*** Data extract ***

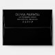 This modern wedding mailing envelope features a bold black background with the return address printed on the back flap in white art deco display typography, accented by a script zip code detail. A dramatic and striking option for couples who want their stationery to make a statement. Personalise with your names and mailing address.
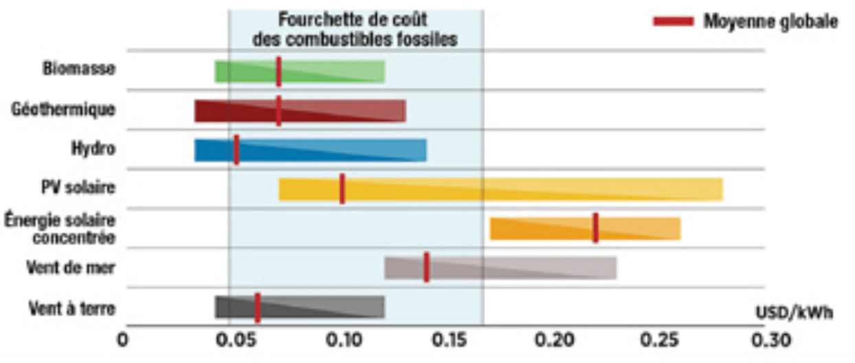 Coûts moyens de production d’énergie renouvelable dans la gamme des combustibles fossiles en 2017
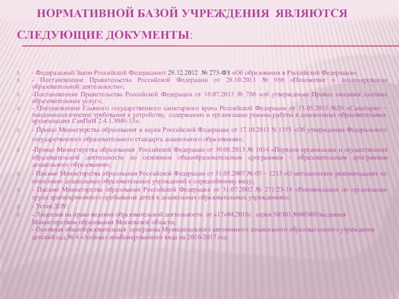 Слайд 4Нормативной базой Учреждения являются следующие документы:

*** End of Data extract ***

The material above is to be set down exactly, with pictures removed.

 This modern wedding mailing envelope features a bold black background with the return address printed on the back flap in white art deco display typography, accented by a script zip code detail. A dramatic and striking option for couples who want their stationery to make a statement. Personalise with your names and mailing address.
 Coûts moyens de production d’énergie renouvelable dans la gamme des combustibles fossiles en 2017
 Слайд 4Нормативной базой Учреждения являются следующие документы:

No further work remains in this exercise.